Fixed problem with Windows code which creates the cluster_info file. The line
endings were not Windows-style because the sed command in
OS.pm::set_text_file_line_endings was failing. Sed under Cygwin can't handle a
Windows-style file path if the "-i" switch is used. Added
get_cygwin_unix_file_path subroutine. This gets called and the result gets
passed to set_text_file_line_endings.
Other
Cleaned up and renamed Windows.pm::get_cygwin_path -->
get_cygwin_installation_directory_path. It was messy. There were notify
messages obviously copied/pasted from another subroutine which made no sense.

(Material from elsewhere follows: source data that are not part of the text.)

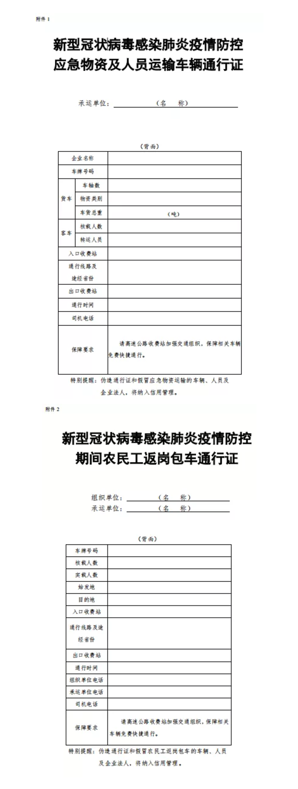 通知要求,地方各級(jí)交通運(yùn)輸部門要認(rèn)真落實(shí)《交通運(yùn)輸部關(guān)于切實(shí)保障疫情防控應(yīng)急物資運(yùn)輸車輛順暢通行的緊急通知》和《交通運(yùn)輸部關(guān)于疫情防控期間免收農(nóng)民工返崗包車公路通行費(fèi)的通知》要求,切實(shí)簡化“新型冠狀病毒感染肺炎疫情防控應(yīng)急物資及人員運(yùn)輸車輛通行證”(簡稱“車輛通行證”)、“新型冠狀病毒感染肺炎疫情防控期間農(nóng)民工返崗包車通行證”(簡稱“包車通行證”)辦理流程,通過政府網(wǎng)站、微信、電子郵件等便捷方式提供“車輛通行證”“包車通行證”統(tǒng)一式樣,供承運(yùn)單位或駕駛?cè)嗽诒镜刈孕写蛴 ⒆孕刑顚憽?/span>
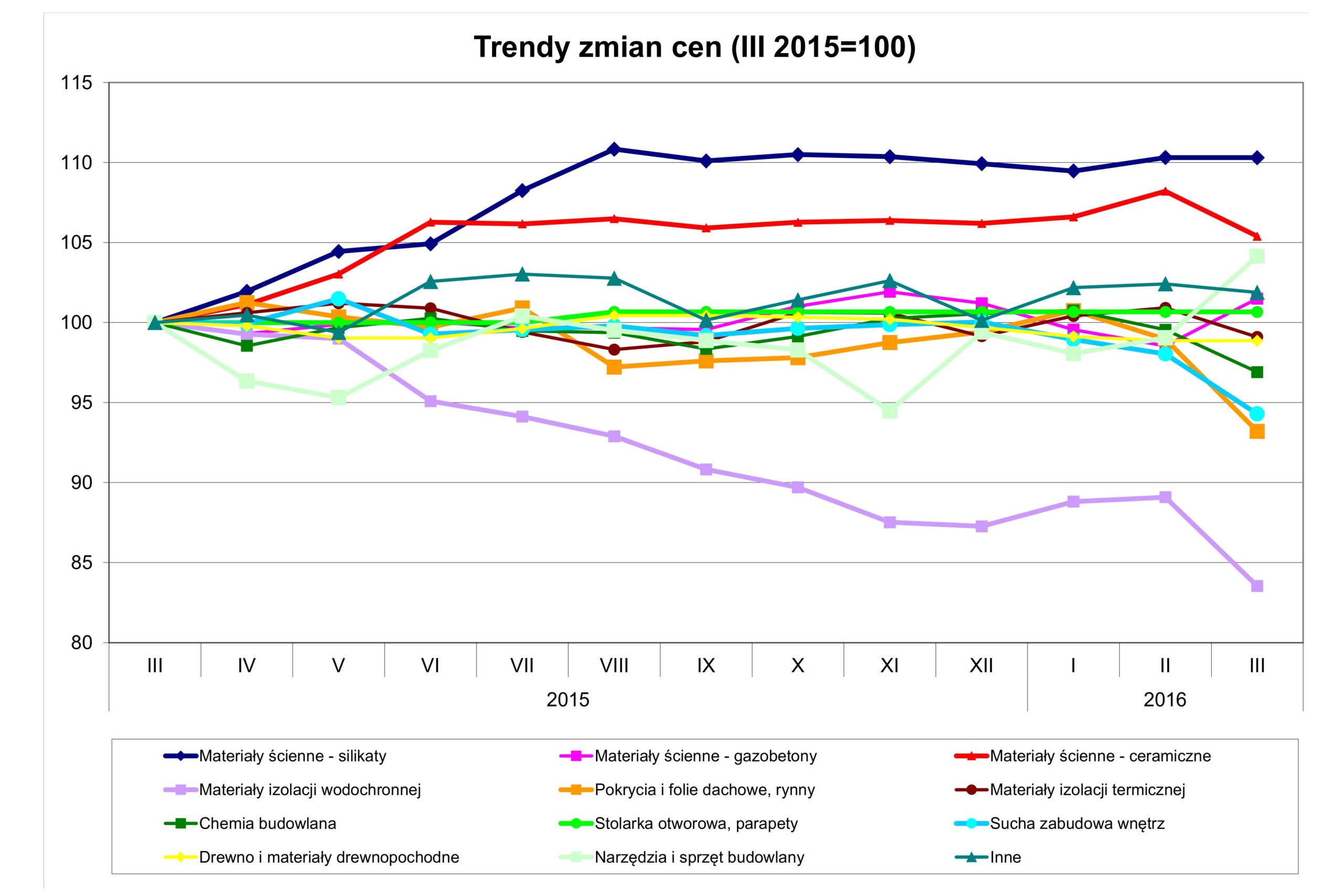 W marcu 2016 r. w porównaniu do poprzedniego miesiąca wzrosły ceny narzędzi i sprzętu budowlanego (+5,1%) oraz gazobetonów (+3%). Ceny spadły w 6 grupach: izolacja wodochronna (-6,2%), pokrycia i folie dachowe, rynny (-5,8%), sucha zabudowa (-3,8%), chemia budowlana (-2,7%), materiały ścienne ceramiczne (-2,6%) oraz izolacje termiczne (-1,8%). W innych grupach ceny nie zmieniły się.
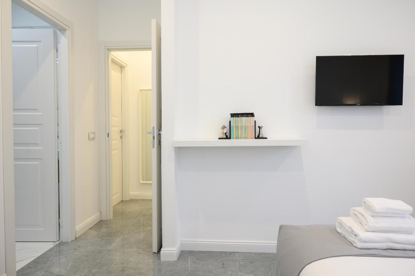 One-Bedroom Apartment. Boasting a private entrance, this air-conditioned apartment features 1 living room, 1 separate bedroom and 2 bathrooms with a shower and a bidet. The well-equipped kitchen has a stovetop, a refrigerator, kitchenware and a microwave. The apartment features tiled floors, a seating area with a flat-screen TV, soundproof walls, a coffee machine, as well as a wardrobe. The unit has 2 beds.
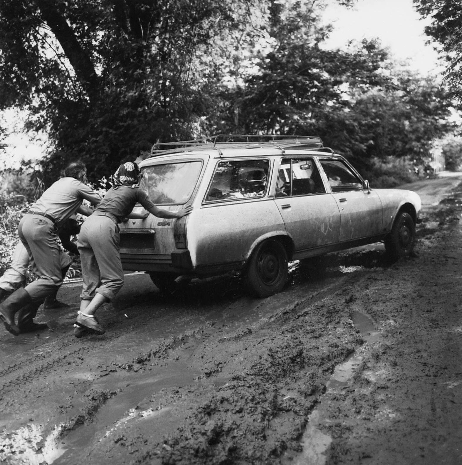 Het aanduwen van een auto die door de modder op de weg dreigt weg te slippen

Its name had also become vague with the addition of get_cygwin_unix_file_path,
both of which call cygpath.exe.
> Problems with update_cluster in OS.pm
> -------------------------------------
>
> Key: VCL-815
> URL: https://issues.apache.org/jira/browse/VCL-815
> Project: VCL
> Issue Type: Bug
> Components: vcld (backend)
> Reporter: Andy Kurth
> Assignee: Andy Kurth
> Fix For: 2.4
>
>
> *Problem 1:*
> Due to OS.pm::update_cluster, the processing of the reserved state for each
> computer is taking an extremely long time. A fairly large cluster of 80
> computers is taking over 20 minutes to complete, not including the time it
> spends waiting for the user to click Connect and to actually connect to the
> computer. This is longer than it took to actually load the bare-metal
> computers via xCAT.
> *Problem 2:*
> Every reservation that belongs to a cluster request first creates its own
> cluster_info file in /tmp. The file that each creates is identical. Every
> reservation then proceeds to copy the file it created to every other computer
> in the cluster request via SCP. So, for an 80 node cluster, cluster_info
> files are needlessly copied back and forth 6,400 times.
> *Problem 3:*
> Each node does not copy the cluster_info file it created in /tmp to the
> proper location on itself. Instead, it sends it to itself via SCP. There's
> really no need for this because the file will end up in the proper location
> when the other 79 nodes SCP it over.
> *Problem 4:*
> The subroutine is using the following to determine where to send the file to
> via SCP:
> {noformat}
> my $node_name = $request_data->{reservation}{$resid}{computer}{SHORTNAME};
> {noformat}
> If you're not familiar with the backend code, the remote computer's short
> hostname is being used. For example, if the FQDN is vm9.example.com, the
> code is trying to send the file to "vm9". This will only work if "vm9"
> resolves to an address the management node can get to. This will not work
> for distributed management nodes residing in different locations.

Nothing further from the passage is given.